In the Big Data era, the large numbers of observations and variables pose unprecedented challenging problems of complex forms of dependency and high computing expenses. This situation is especially common in important problems in Astronomy, Biology, Economics, Engineering, Finance, Genetics, Genomics, Neurosciences, etc. To meet these challenges, the PI proposes to study these problems through a novel framework of binary expansion statistics. The overall objective of the project is (i) to provide an in-depth understanding of complex dependency in Big Data with new theory and methods, and (ii) to build a stronger connection between Statistics and Computer Science. The PI anticipates the achievement of his goals through an integration of research and education plans.
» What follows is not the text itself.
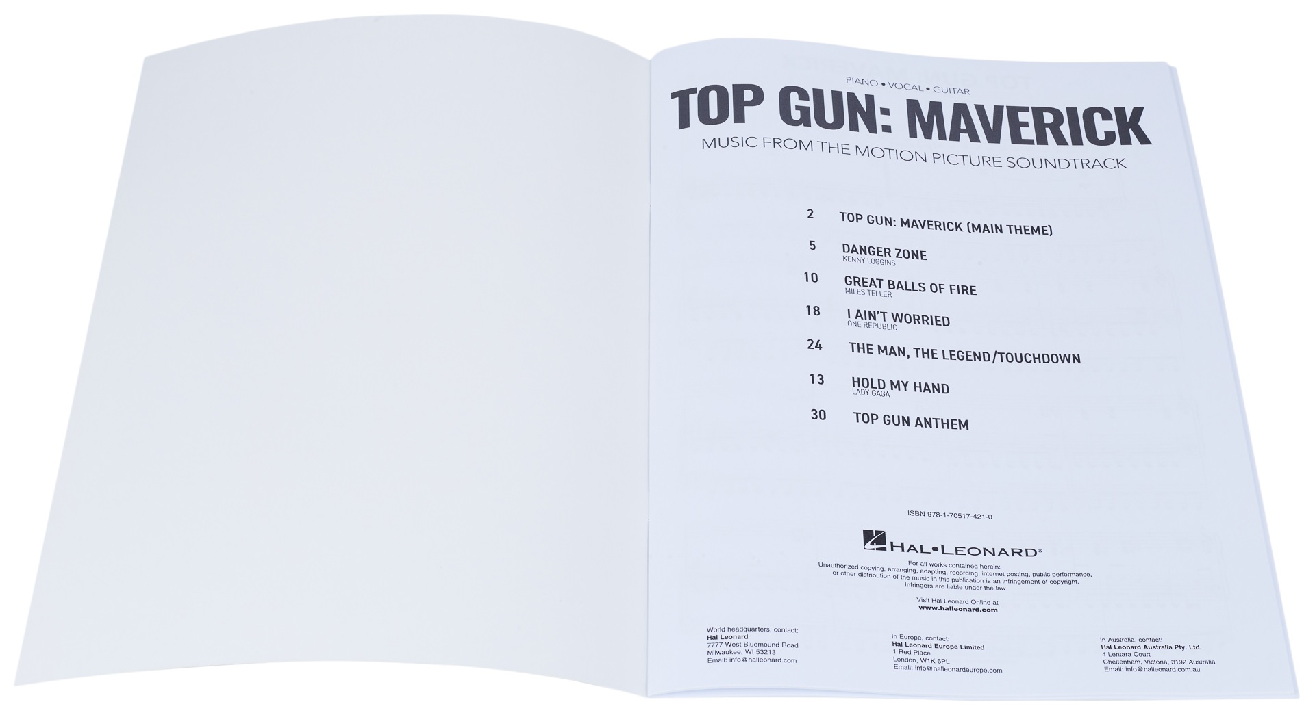 Noty pre klavír Táto publikácia obsahuje sedem piesní z filmu Top Gun: Maverick v úprave pre klavír a spev s akordovým sprievodom pre gitaru. Danger Zone (Kenny Loggins) – Great Balls of Fire (Miles Teller) – Hold My Hand (Lady Gaga) – I Ain't Worried (OneRepublic) – The Man, the Legend/Touchdown – Top Gun Anthem – Top Gun: Maverick (Main Theme).
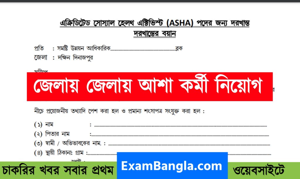 পদের নাম- আশা কর্মী।

The binary expansion statistics framework is able to "divide and conquer" any complex dependency, i.e., to approximate and decompose nonlinear dependency into interactions of Bernoulli variables in the binary expansion filtration and then aggregate the information to produce nonparametric inference of dependence. This approach connects the inference problems to important concepts in Statistics and Computer Science such as multiple testing, Hadamard transform, and bitwise operation. The research agenda is to further develop this framework and study several fundamental problems to develop optimal theory, methodologies and algorithms. The PI also has comprehensive plans on educating graduate and undergraduate students and on disseminating the research results to the broader scientific community.
This award reflects NSF's statutory mission and has been deemed worthy of support through evaluation using the Foundation's intellectual merit and broader impacts review criteria.